Clearly, it was a typo of some sort. No worries.

92 2020-02-25 21:48

Here is something peculiar. Irregex-match uses irregex-match/chunked which has two branches, one with dfa-match/longest and another with irregex-nfa. But the irregex-search/matches used by irregex-search has three branches: dfa-match/longest, dfa-match/shortest and irregex-search/backtrack. However, it is not a difference between these branches that breaks irregex-search. With some bronze age debug prints we have:

$ guile -l irregex.scm 
[...]
scheme@(guile-user)> (define (imsis re str) (irregex-match-substring (irregex-search re str)))
scheme@(guile-user)> (imsis "(a|ab){0,3}" "abab")
is/m->backtrack $1 = "a"
scheme@(guile-user)> (imsis "(ab|a){0,3}" "abab")
is/m->backtrack $2 = "abab"
scheme@(guile-user)> (imsis "(a|ab)*" "abab")
is/m->dfa is/m->shortest $3 = "abab"
scheme@(guile-user)> 

So both range iteration versions take the backtrack branch, but only the prefix-first version breaks irregex-search. It would seem that the problem might be somewhere within irregex-search/backtrack.

93 2020-02-26 01:35

Irregex PCRE x{m,n} ranges are parsed into SRE (** m n x) ranges in string->sre -> named let lp -> main parsing -> case c -> branch (#\{). The crucial bit is:

(m
 (lp (+ j 1) (+ j 1) flags `((** ,n ,m ,x) ,@tail) st))

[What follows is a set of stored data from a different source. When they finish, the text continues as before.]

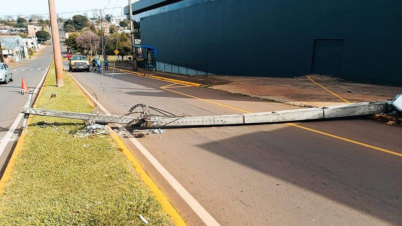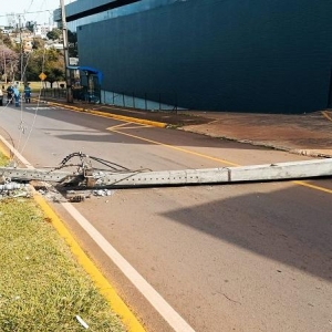 Inicialmente, o poste havia quebrado na base, mas permaneceu erguido. No entanto, por volta das 9h50, conforme relatado pela Guarda Municipal, que prestava atendimento à ocorrência, a estrutura acabou caindo e ficou atravessada no meio da pista.
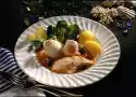 Arrange fish, carrots and some sauce on plates. Garnish with wild garlic. Serve the rest of the sauce separately.
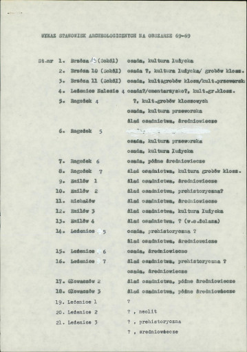 spis stanowisk wg numerów na obszarze
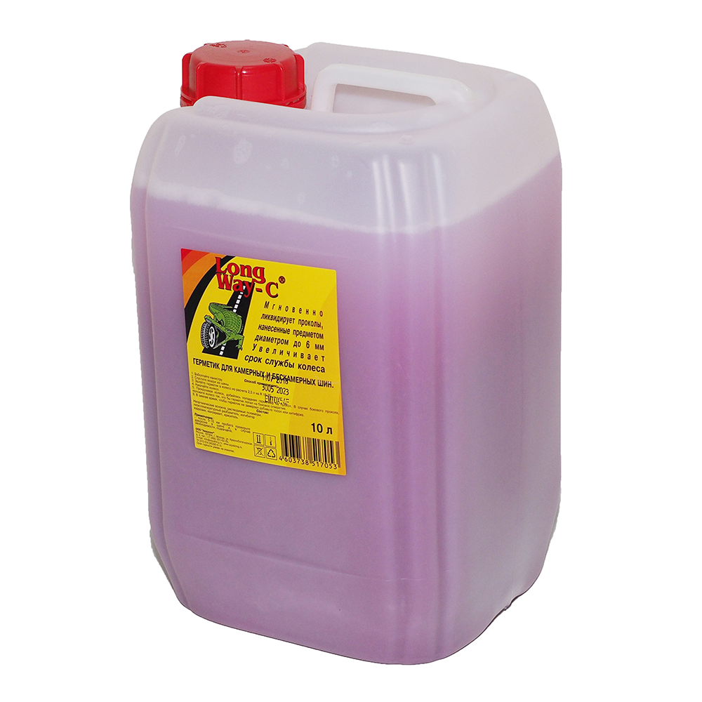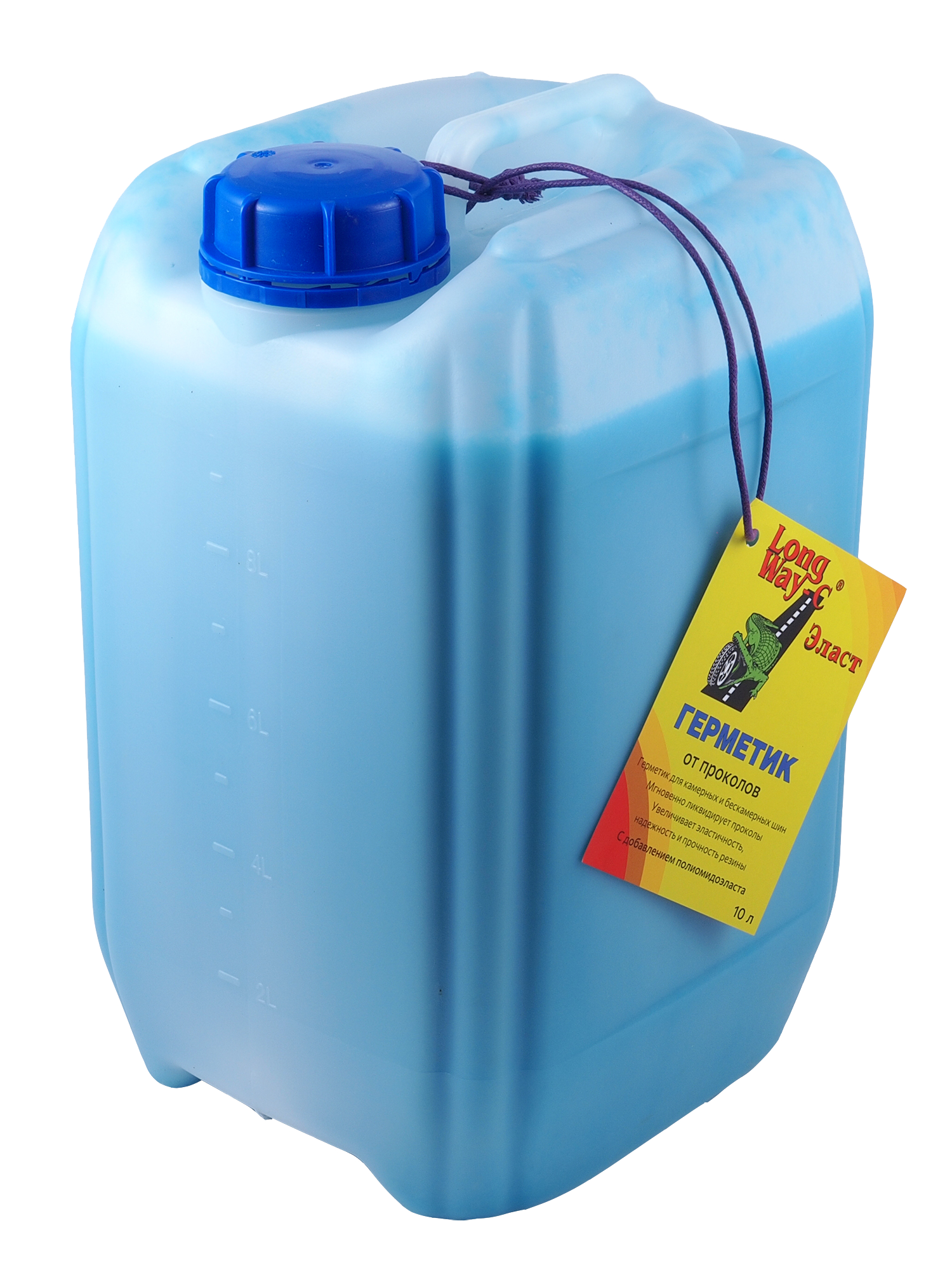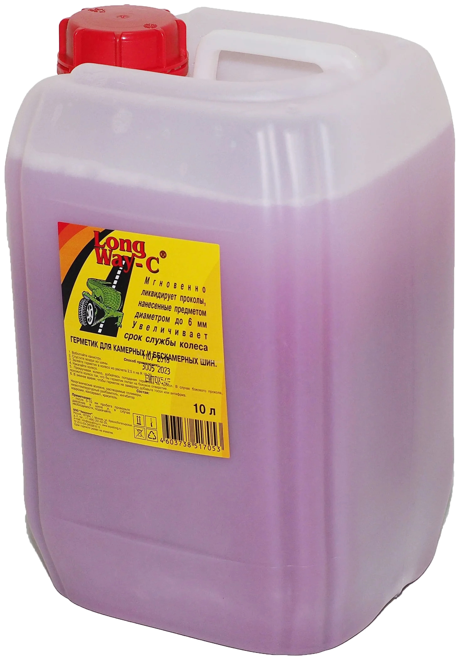 | Принцип действия герметика - под давлением воздуха герметик, попадая в отверстие, заделывает его. Герметик «LONG WAY-С» заделывает многочисленные проколы диаметром до 8 мм в зоне протектора во всех видах пневматических шин. Использовать герметик можно как средство профилактики, залив в шину без проколов, так же как и средство дорожного ремонта, т.е. после прокола. Способ применения: Взболтайте канистру. Спустите воздух из шины. Залейте герметик в колесо из расчета - 0,125л на радиус колеса R13" или 2,5 - 3 л на радиус колеса R 18-21". Накачайте колесо. Прокручивая колесо, добейтесь попадания герметика на прокол. В случае бокового прокола, положите колесо так, чтобы герметик попал на отверстие. В зимнее время, что бы герметик не замерзал, добавьте тосол или антифриз. Количество герметика, необходимое для разного диаметра шин |
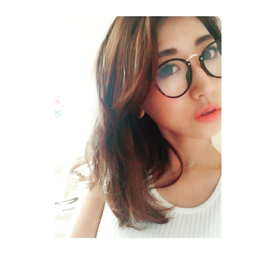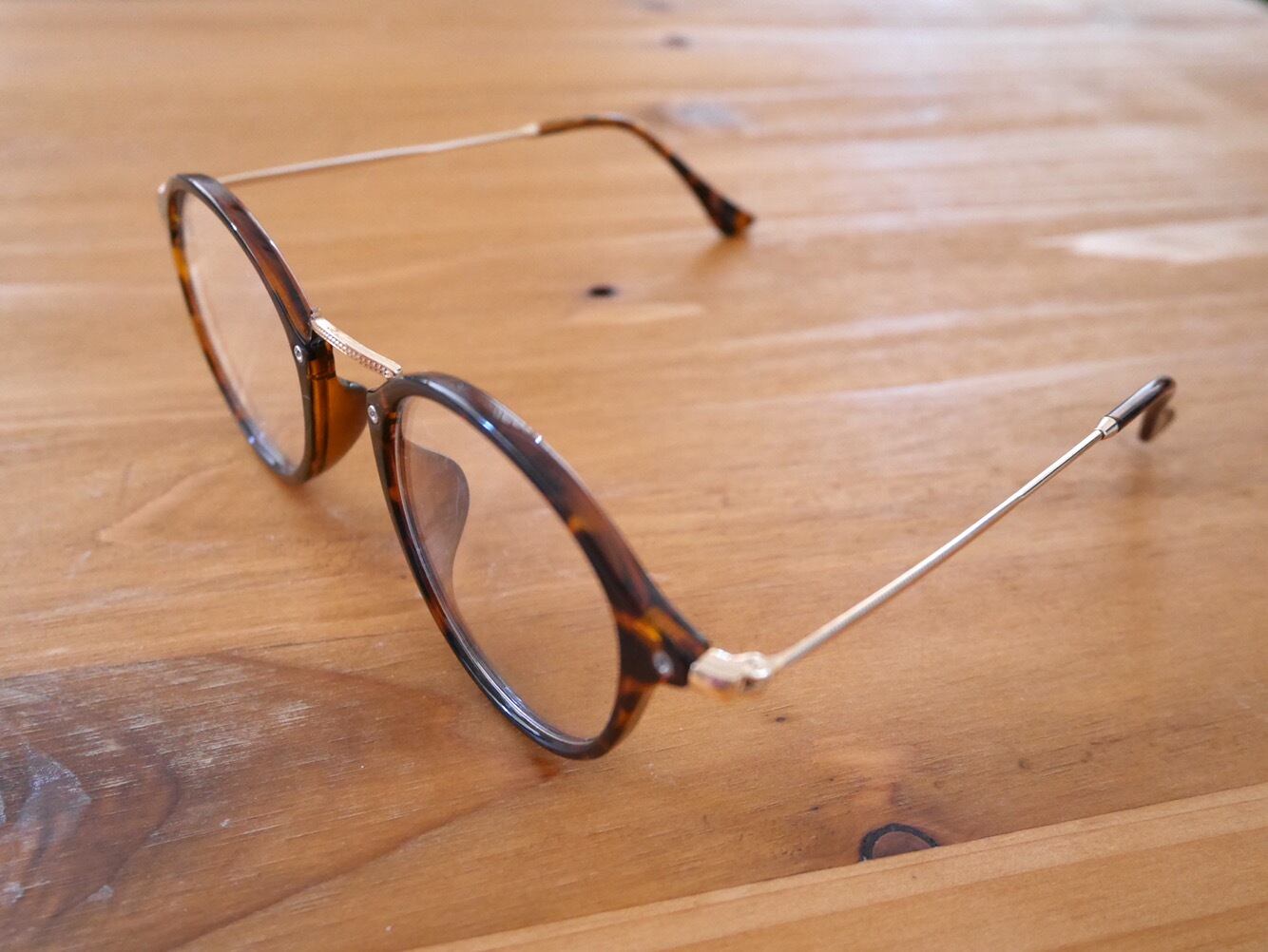 フレームが細く華奢な伊達めがね。
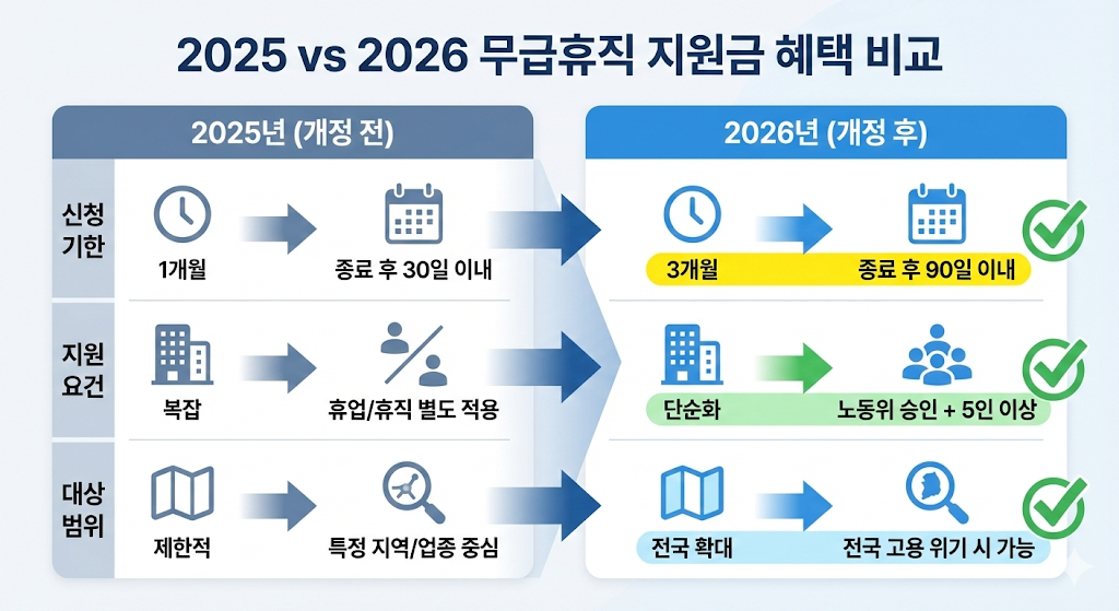 기존에는 휴업과 휴직의 기준이 달라 혼선이 많았습니다. 2026년부터는 무급 고용유지조치 시 노동위원회의 승인을 받고 5인 이상이 참여한다면 동일한 기준으로 지원을 받을 수 있도록 문턱이 낮아졌습니다.
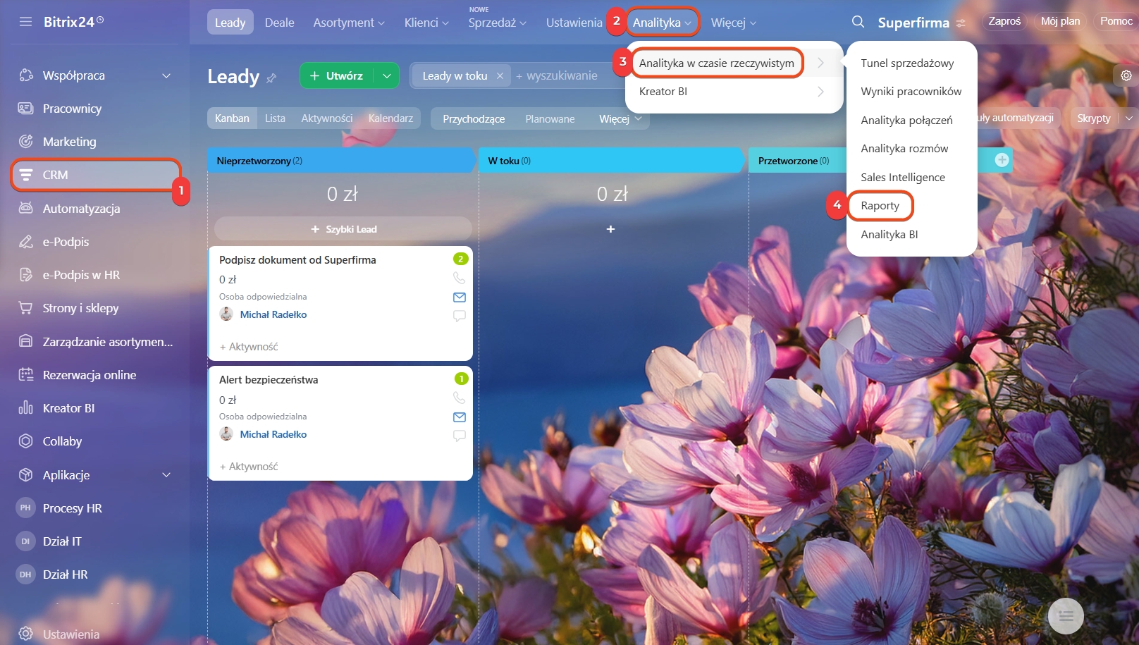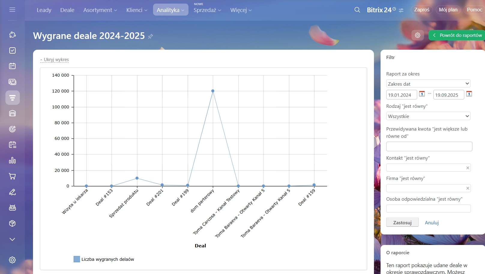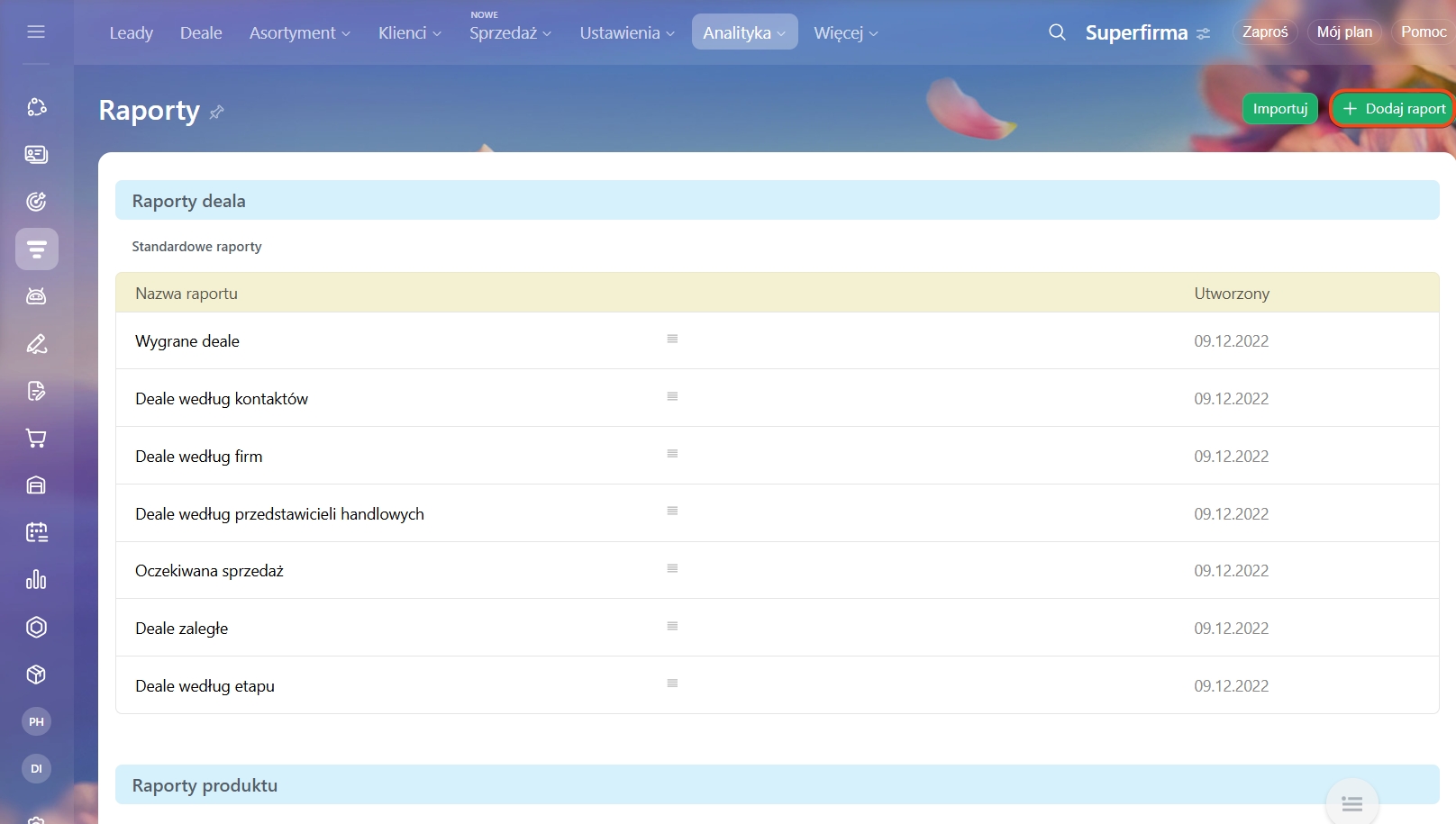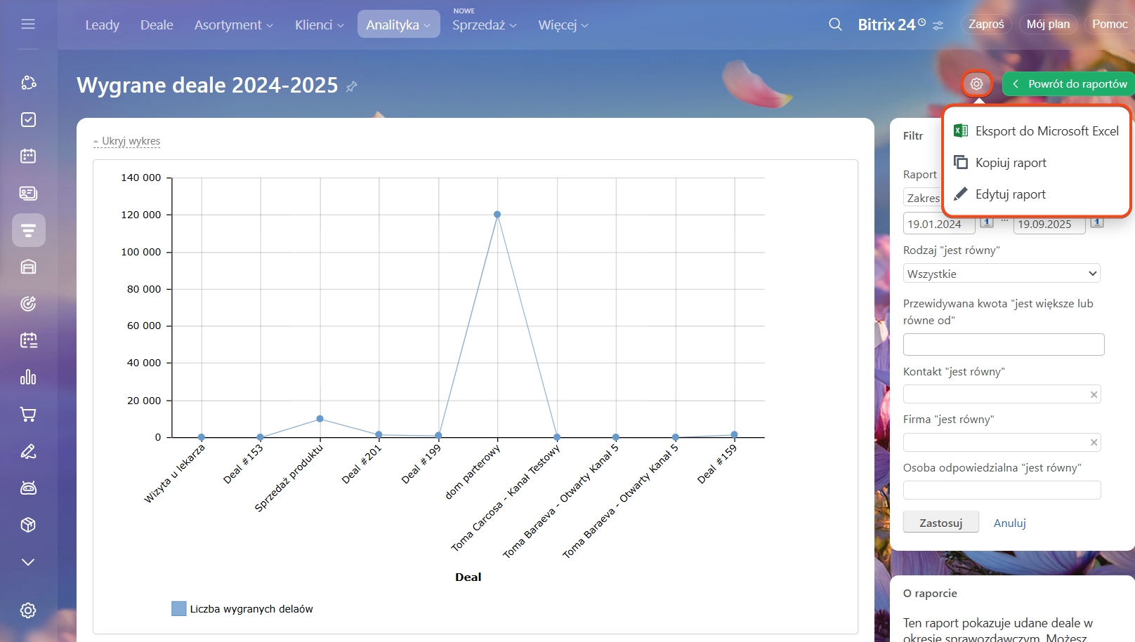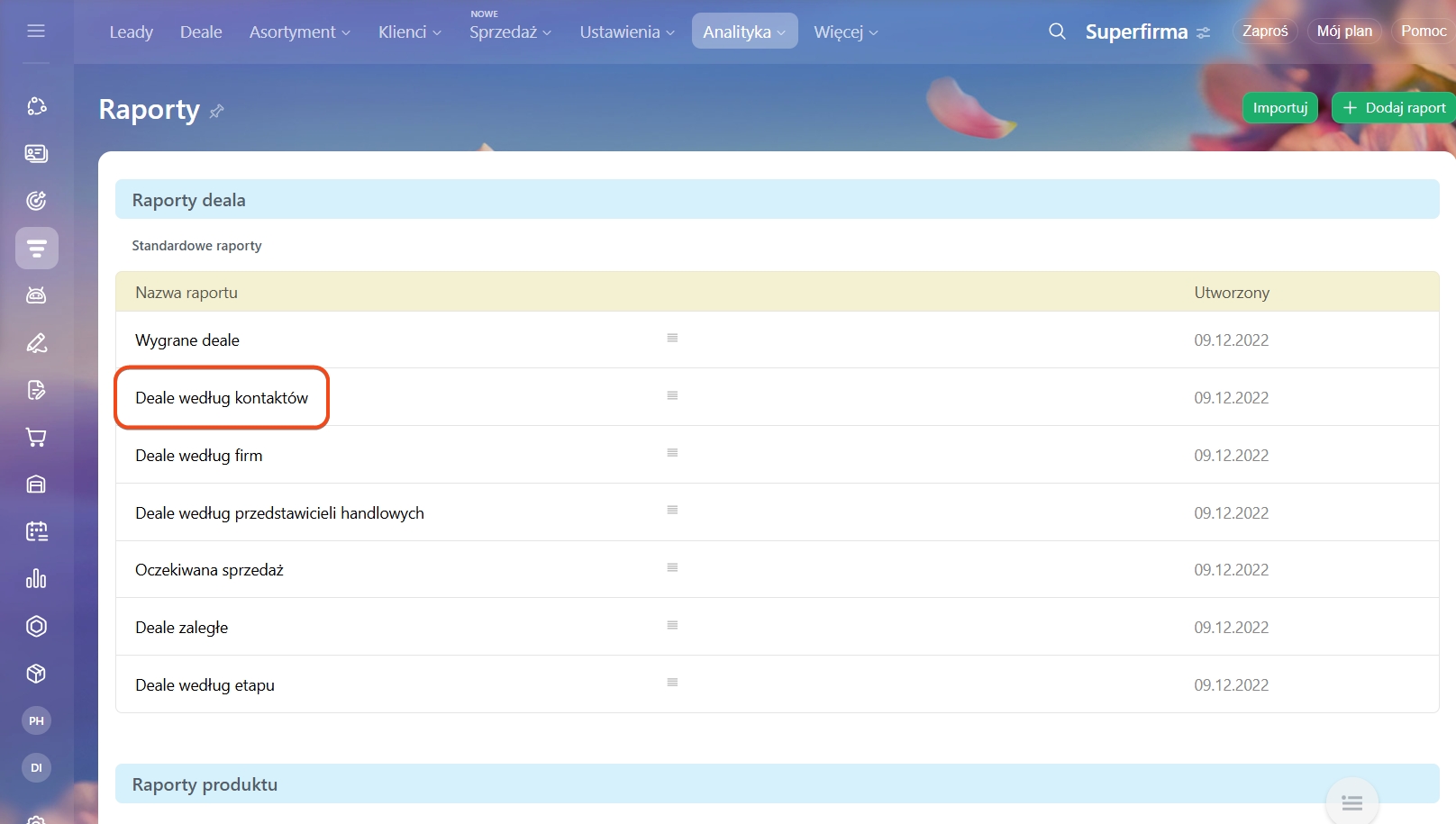 Za pomocą kreatora raportów w CRM menedżerowie mogą ocenić, jak firma się rozwija, jakie zyski przynieśli menedżerowie i jaki produkt najlepiej się sprzedaje.

which is at lines {962,963} in the "0.9.6: 2016/12/05" version of deps/irregex.scm from SchemeBBS on "20 Feb, 2020 4 commits". The irregex-search breakage does not depend on PCRE parsing and can be demonstrated directly on SRE. The same conditions I explained in >>91 hold for SRE:

$ guile -l irregex.scm 
scheme@(guile-user)> (define (imsis re str) (irregex-match-substring (irregex-search re str)))
scheme@(guile-user)> (imsis '(** 0 3 (or "a" "ab")) "abab")
is/m->backtrack $1 = "a"
scheme@(guile-user)> (imsis '(** 0 3 (or "ab" "a")) "abab")
is/m->backtrack $2 = "abab"
scheme@(guile-user)> (imsis '(* (or "a" "ab")) "abab")
is/m->dfa is/m->shortest $3 = "abab"
scheme@(guile-user)> 

The bug is now quite likely to be in irregex-search/backtrack with (** m n (or x y)) constructs.

SRE irregex reference:
http://synthcode.com/scheme/irregex/#SECTION_3.2

94 2020-02-26 13:10

Irregex-search/backtrack uses irregex-nfa, which is just an accessor into the irregex representation, which is a vector. The nfa is index 3 in make-irregex, and is computed by the final branch of sre->irregex via sre->procedure. Sre->procedure composes a tree of lambdas over the tree of a SRE like '(** 0 3 (or "a" "ab")). The "case (car sre)" has (or) and (**) branches, the bug should be here.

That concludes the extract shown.